Iciss Tillis (born December 6, 1981) is an American professional women's basketball player. She was born in Tulsa, Oklahoma.

==High school==
Tillis played for Cascia Prep School in Tulsa, Oklahoma, where she was named a WBCA All-American. She participated in the 2000 WBCA High School All-America Game where she scored five points.

Tillis is the daughter of former Heavyweight boxer James Tillis. James Tillis fought for the Heavyweight championship once and was the first professional boxer to fight Mike Tyson to a decision.
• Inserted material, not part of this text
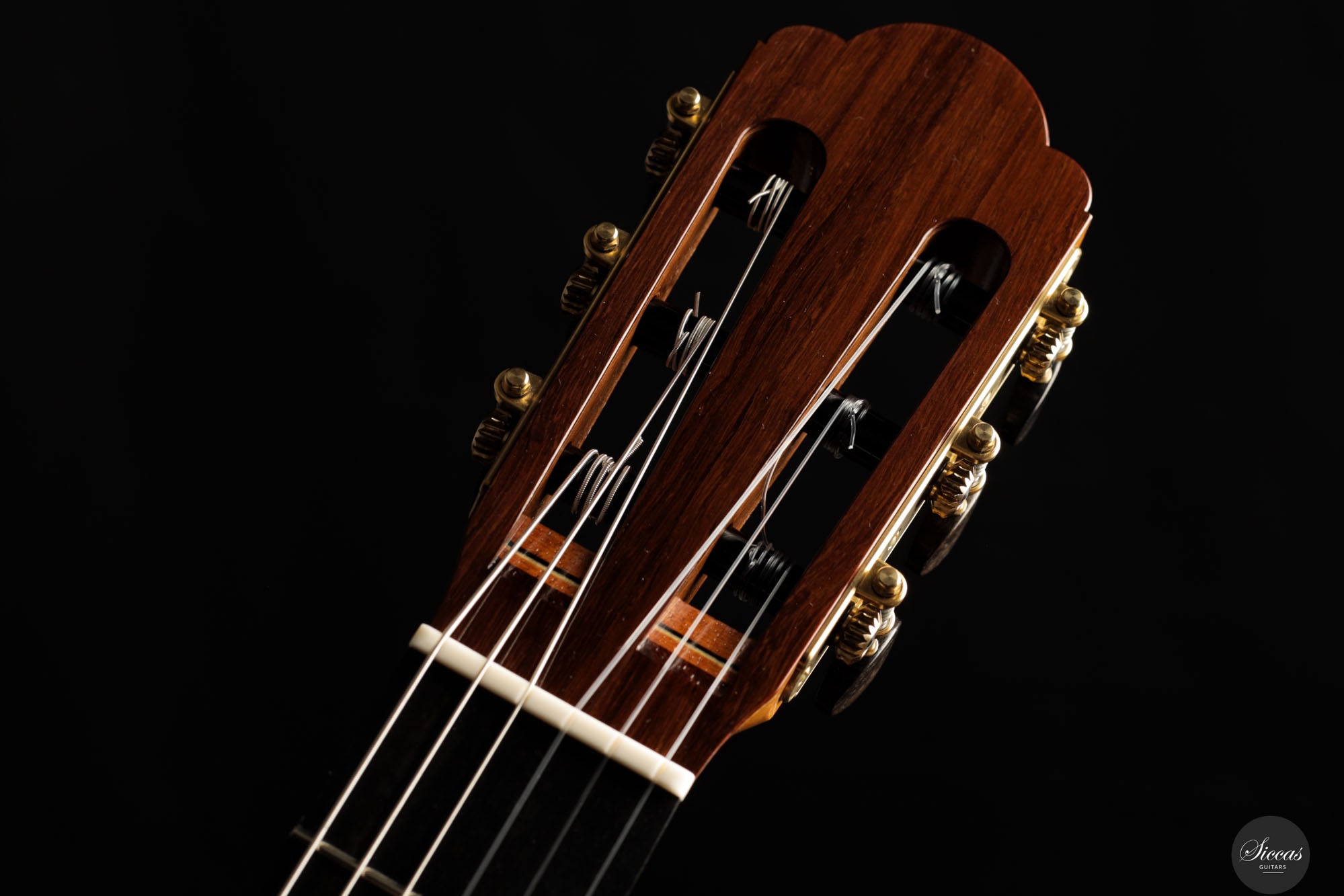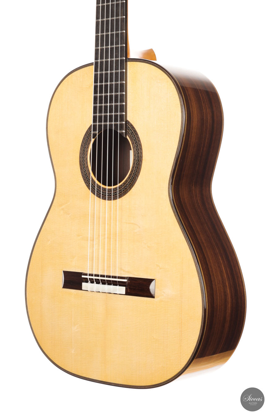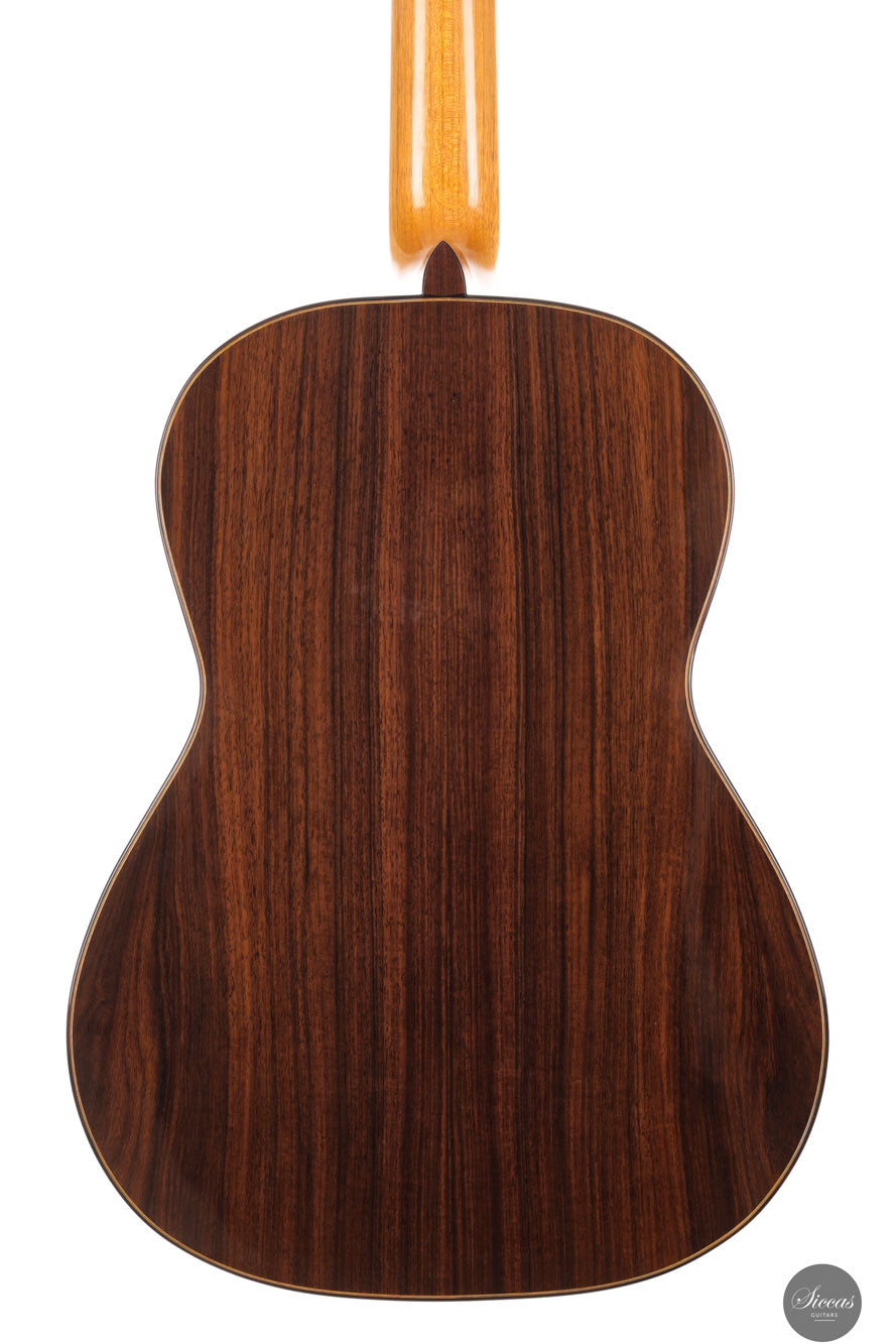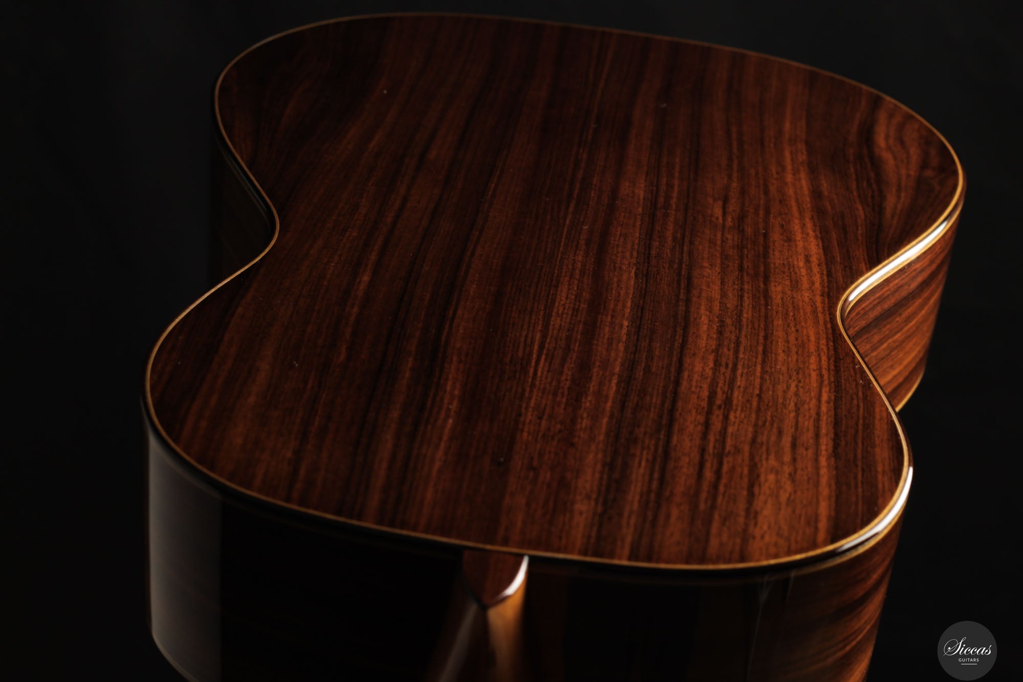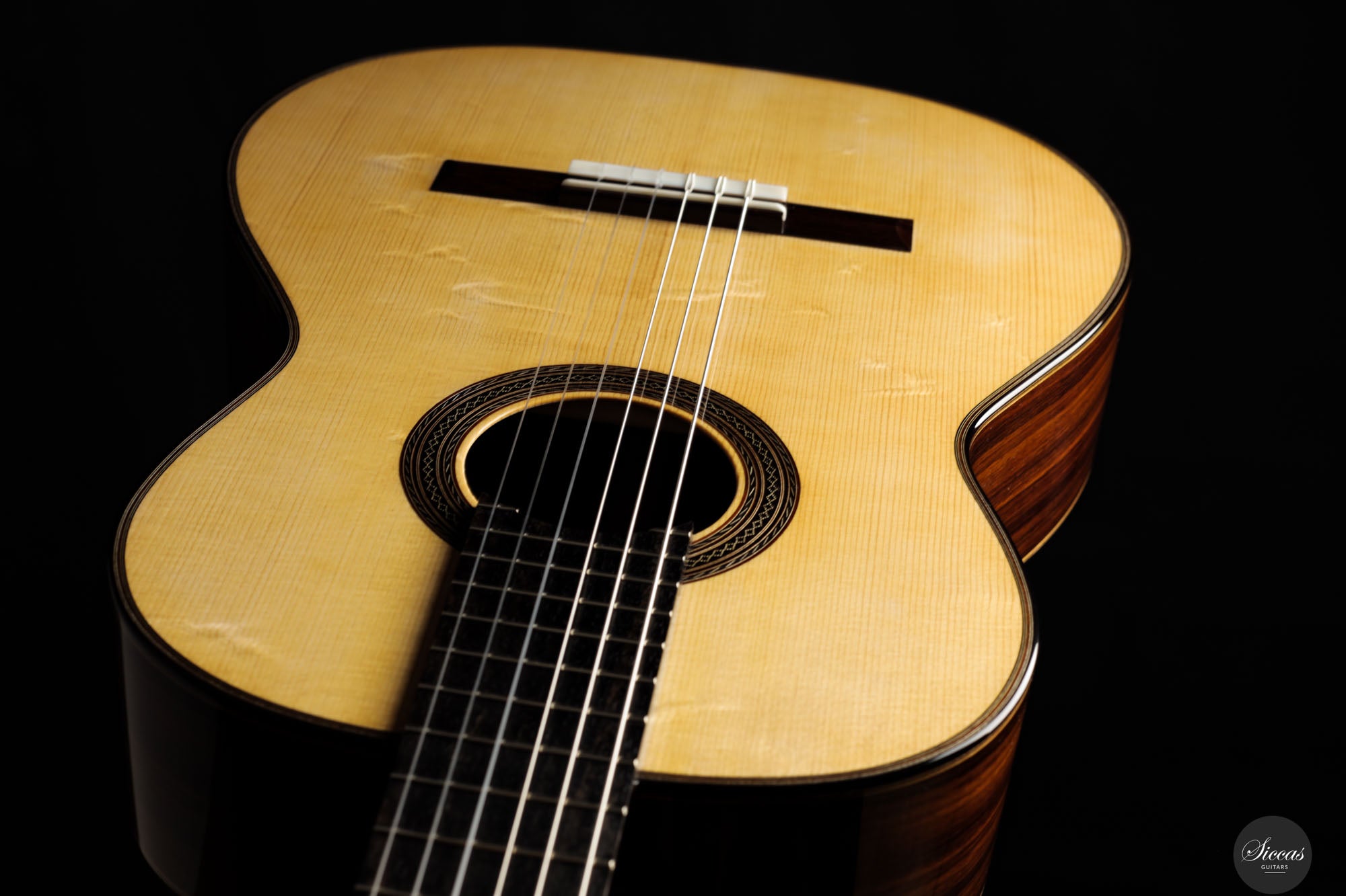 Das Modèle Contemporain beginnt mit einer sorgfältig abgestimmten Fichtendecke, die 2001 von Gerhard Oldiges bezogen wurde, um den idealen Kompromiss zwischen Flexibilität und Stärke zu erreichen. Um die Projektion und den Dynamikbereich zu verbessern, sind Boden und Zargen aus indischem Palisander sorgfältig verstärkt, was auch die Resonanz und die strukturelle Stabilität erhöht. Durch Jean's meisterhafte Handwerkskunst entsteht so ein Instrument mit einer schnellen, intuitiven Ansprache, die fast unmittelbar auf die Berührung des Spielers reagiert. Die Diskantsaiten schweben mit einer klaren, singenden Qualität, während der Mitteltonbereich eine reiche, farbenfrohe Klangpalette bietet, die zur Erkundung von Klanglandschaften einlädt. Das Sustain ist lang und gleichmäßig, sodass die Töne wunderschön nachklingen, und das Instrument bewahrt außergewöhnliche Trennung und Kompromiss über alle Register hinweg.

==College and professional==
Tillis has played in the WNBA with the Detroit Shock, New York Liberty, and Los Angeles Sparks, appearing in 66 games. She played collegiately for Duke University, where she was named an All-America in 2003 and on the All-ACC first team from 2002 to 2004. Tillis has also played professionally in Europe. A scandal erupted in France, where Tarbes Gespe Bigorre attempted to sign Tillis to replace injured star Isabelle Yacoubou despite being over the eligible limit of non-European players imposed by the Ligue Féminine de Basketball. Tarbes was forced to sell Tillis to TTT Riga in Riga, Latvia, where she made the Euroleague's all-star team in 2008.

==Career statistics==

===WNBA===
====Regular season====

| Year | Team | GP | GS | MPG | FG% | 3P% | FT% | RPG | APG | SPG | BPG | TO | PPG |
|---|---|---|---|---|---|---|---|---|---|---|---|---|---|
| 2004 | Detroit | 31 | 1 | 9.3 | 47.3 | 33.3 | 58.3 | 1.3 | 0.4 | 0.3 | 0.3 | 0.7 | 2.7 |
| 2005 | Did not play (waived) |  |  |  |  |  |  |  |  |  |  |  |  |
| 2006 | New York | 25 | 0 | 10.2 | 36.0 | 20.7 | 72.7 | 2.2 | 0.4 | 0.4 | 0.2 | 0.8 | 3.4 |
| 2007 | Los Angeles | 3 | 0 | 2.7 | 0.0 | 0.0 | 0.0 | 0.3 | 0.0 | 0.0 | 0.0 | 1.3 | 0.0 |
| 2007 | Detroit | 8 | 1 | 3.3 | 33.3 | 0.0 | 0.0 | 0.9 | 0.1 | 0.0 | 0.0 | 0.9 | 0.5 |
| Career | 4 years, 3 teams | 67 | 2 | 8.6 | 40.4 | 24.5 | 67.6 | 1.5 | 0.4 | 0.3 | 0.2 | 0.8 | 2.6 |

====Playoffs====

| Year | Team | GP | GS | MPG | FG% | 3P% | FT% | RPG | APG | SPG | BPG | TO | PPG |
|---|---|---|---|---|---|---|---|---|---|---|---|---|---|
| 2004 | Detroit | 3 | 0 | 6.0 | 100.0 | 0.0 | 0.0 | 0.3 | 0.3 | 0.0 | 0.0 | 0.3 | 0.7 |
| Career | 1 year, 1 team | 3 | 0 | 6.0 | 100.0 | 0.0 | 0.0 | 0.3 | 0.3 | 0.0 | 0.0 | 0.3 | 0.7 |

===College===
Source

| Year | Team | GP | Points | FG% | 3P% | FT% | RPG | APG | SPG | BPG | PPG |
|---|---|---|---|---|---|---|---|---|---|---|---|
| 2000-01 | Duke | 34 | 292 | 43.7 | 36.5 | 72.5 | 5.5 | 1.8 | 1.6 | 1.2 | 8.6 |
| 2001-02 | Duke | 34 | 486 | 45.2 | 33.7 | 68.1 | 8.0 | 2.8 | 2.3 | 0.9 | 14.3 |
| 2002-03 | Duke | 37 | 535 | 44.5 | 38.5 | 80.0 | 7.4 | 2.1 | 2.2 | 1.0 | 14.5 |
| 2003-04 | Duke | 32 | 399 | 41.1 | 29.3 | 86.5 | 6.7 | 2.1 | 1.8 | 1.3 | 12.5 |
| Career | Duke | 137 | 1712 | 43.8 | 34.9 | 77.5 | 6.9 | 2.2 | 2.0 | 1.1 | 12.5 |

==USA Basketball==
Tillis was named to the team representing the US at the 2003 Pan American Games. The team lost the opening game to Cuba, then rebounded to win their next five games, including an overtime win against Brazil. They then faced Cuba for the gold medal, falling short 75–64 to take home the silver medal. Tillis averaged 5.0 points per game.